If that is not the case, the function returns `Ok(())` right away. In that case there is nothing to do.
For the case where the "iggy-compression" key is present in the user_headers, a Codec is setup
from the algorithm that was used to compress the message. Note, that .get_user_header takes the "iggy-compression" key and if it is present
returns the HeaderValue, which is the algorithm as we have defined above.
So at that point, codec is Codec::Lz4.
The next step then is to decompress the payload and update the payload length attribute of the `IggyMessage` metadata since it changed.

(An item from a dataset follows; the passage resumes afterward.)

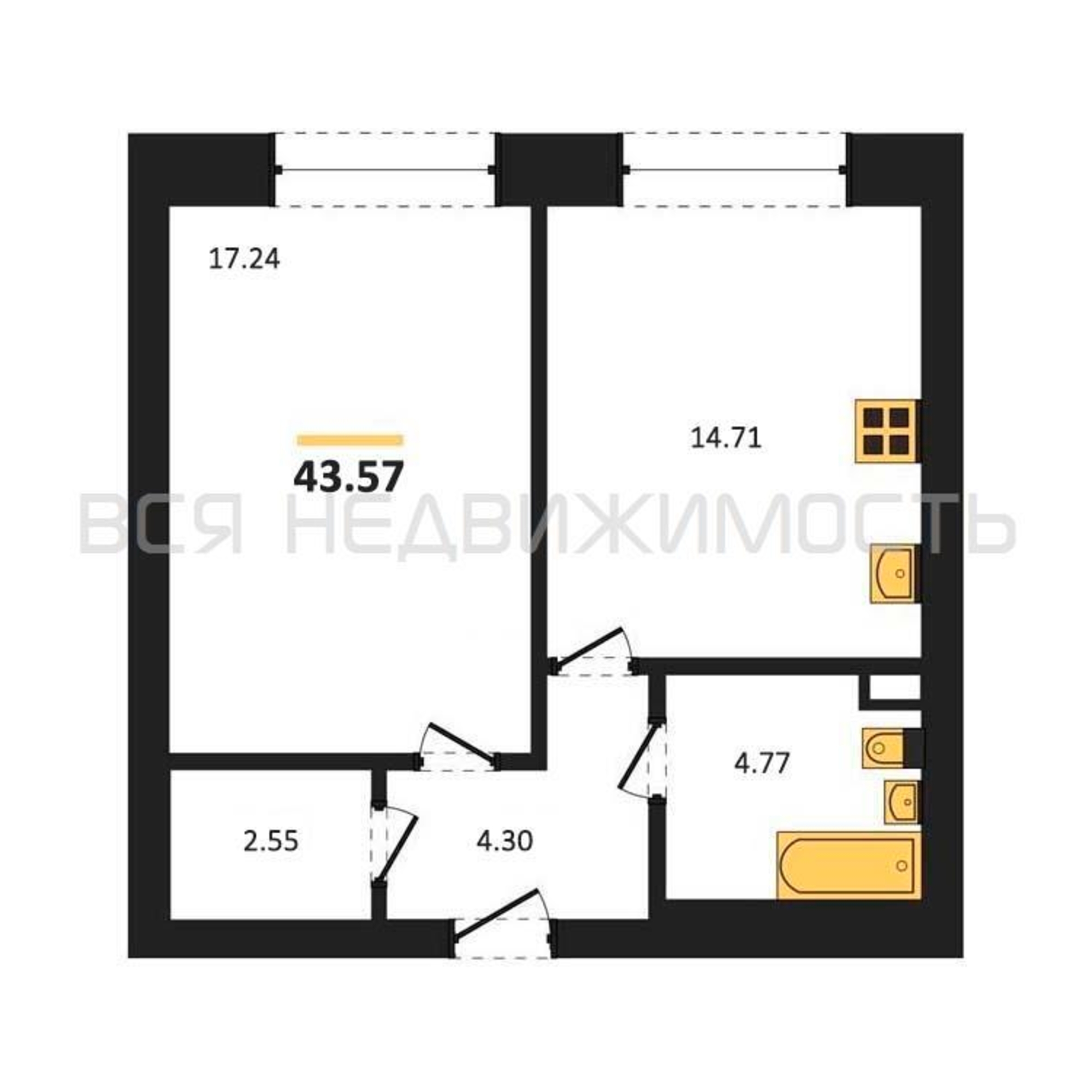 Строительная площадь43.57 м²

In a next and final step we update the user_headers. Since the message is now decompressed, the user_headers entry that signals compression should be removed.

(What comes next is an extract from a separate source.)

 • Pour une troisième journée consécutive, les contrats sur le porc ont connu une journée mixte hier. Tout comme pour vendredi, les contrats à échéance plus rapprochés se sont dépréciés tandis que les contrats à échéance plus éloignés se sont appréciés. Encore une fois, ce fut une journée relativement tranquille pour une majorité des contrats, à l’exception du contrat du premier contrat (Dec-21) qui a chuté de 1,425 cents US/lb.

If the compression key-value pair was the only user header the user_headers are set to None, otherwise we just remove the compression key-value pair from the HashMap.
```rust
fn handle_payload_compression(msg: &mut ReceivedMessage) -> Result<(), IggyError> {
if let Ok(Some(algorithm)) = msg.message.get_user_header(&Codec::header_key()) {
let codec = Codec::from_header_value(&algorithm);
let decompressed_payload = codec.decompress(&msg.message.payload)?;
msg.message.payload = Bytes::from(decompressed_payload);
msg.message.header.payload_length = msg.message.payload.len() as u32;
if let Ok(Some(mut headers_map)) = msg.message.user_headers_map() {
headers_map.remove(&Codec::header_key());
let headers_bytes = headers_map.to_bytes();
msg.message.header.user_headers_length = headers_bytes.len() as u32;
msg.message.user_headers = if headers_map.is_empty() {
None
} else {
Some(headers_bytes)
};
}
}
Ok(())
}
```
When executing the program, the consumed and decompressed messages will be printed to console.